Introducing a multidimensional poverty measure that captures both monetary deprivation but also the access to basic services reveals a world in which poverty is a more entrenched problem. As the report puts it, globally the share of poor according to a multidimensional definition that includes consumption, education, and access to basic infrastructure is approximately 50 percent higher than when relying solely on monetary poverty. One notable finding for Latin America is that the population that lacks adequate sanitation is several times higher than those who are monetarily poor. The rural poor are also particularly worse off in Latin America, reflecting low education and sanitation. The exercise of compiling these new estimates of multidimensional poverty also showed how few countries have data for estimating all dimensions of poverty. More and better welfare data remains in our collective to-do list.
It is also worth clarifying what these measures are not. As it turns out there are often some basic misunderstandings about measuring poverty, and not just in the minds of a five-year-old.
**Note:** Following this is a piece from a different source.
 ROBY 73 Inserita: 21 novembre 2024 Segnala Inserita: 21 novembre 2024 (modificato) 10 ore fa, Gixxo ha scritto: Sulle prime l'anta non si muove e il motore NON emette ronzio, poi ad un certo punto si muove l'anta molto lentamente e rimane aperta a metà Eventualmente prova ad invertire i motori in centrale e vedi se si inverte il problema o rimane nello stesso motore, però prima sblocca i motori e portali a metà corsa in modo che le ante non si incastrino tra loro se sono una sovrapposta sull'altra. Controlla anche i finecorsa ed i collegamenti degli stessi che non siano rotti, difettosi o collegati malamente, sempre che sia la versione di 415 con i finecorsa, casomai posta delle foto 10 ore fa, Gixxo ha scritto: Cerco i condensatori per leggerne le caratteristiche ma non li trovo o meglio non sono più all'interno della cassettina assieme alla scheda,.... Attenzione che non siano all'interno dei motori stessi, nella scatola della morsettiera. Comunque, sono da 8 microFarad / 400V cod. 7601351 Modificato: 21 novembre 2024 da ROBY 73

The rationale for these new poverty indicators is not about accounting for different price levels or consumption baskets. The cost of the same good ranges widely in different countries. What is a basic necessity in one country isn’t in another one. These facts matter for poverty measurement but they are already taken care of in the International Poverty Line. The use of purchasing power parities from the International Comparison Program takes care of price differentials. The use of a monetary standard like $1.90/day has the great advantage that it is not prescriptive about what items should be included in the basket of basic needs. Thus, simply put, neither price levels or different consumption baskets provide the reason for going beyond our standard monetary measures of poverty.
These measures are not about abandoning monetary measures of poverty. Income or consumption are essential for well-being as they capture how much food, clothing, shelter, and other necessities a family can purchase. In fact, the multidimensional poverty measure introduced in the report includes income among its dimensions to recognize the importance of monetary deprivations. After all, many essential goods and services are bought in the marketplace.
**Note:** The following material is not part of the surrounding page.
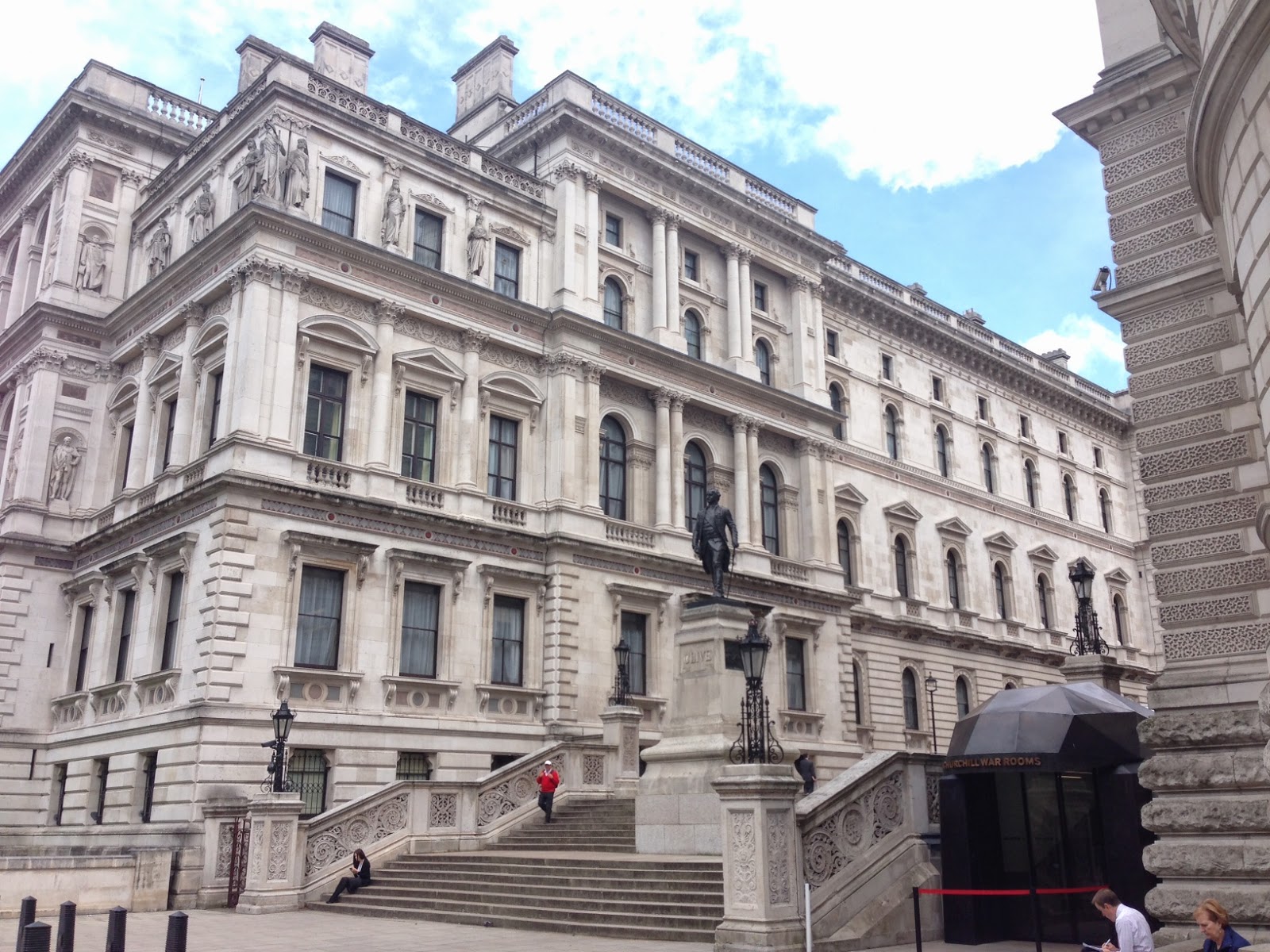 | That black door is the entrance to the Churchill War Rooms. They were located under the Treasury building, in the Whitehall complex – which is at least both of the buildings in the photo on either side of a plaza – where Cabinet offices and other government administrators are located. Downing Street is at the end of the plaza and just to your left. |

Measuring poverty in all its forms everywhere is not an easy thing. Over thirty years ago the late Tony Atkinson – an authority on poverty an inequality – wrote that we should recognize the “diversity of judgments affecting all aspects of measuring poverty” when setting about the task of coming up with poverty. No single measure is bound to satisfy all such diverse views – including my five-year-old daughter’s take on the importance of gummy bears and blankets as basic needs. It follows that if we are to end poverty in all its forms we can do much worse than having an array of complementary measures to better track progress towards our shared goal.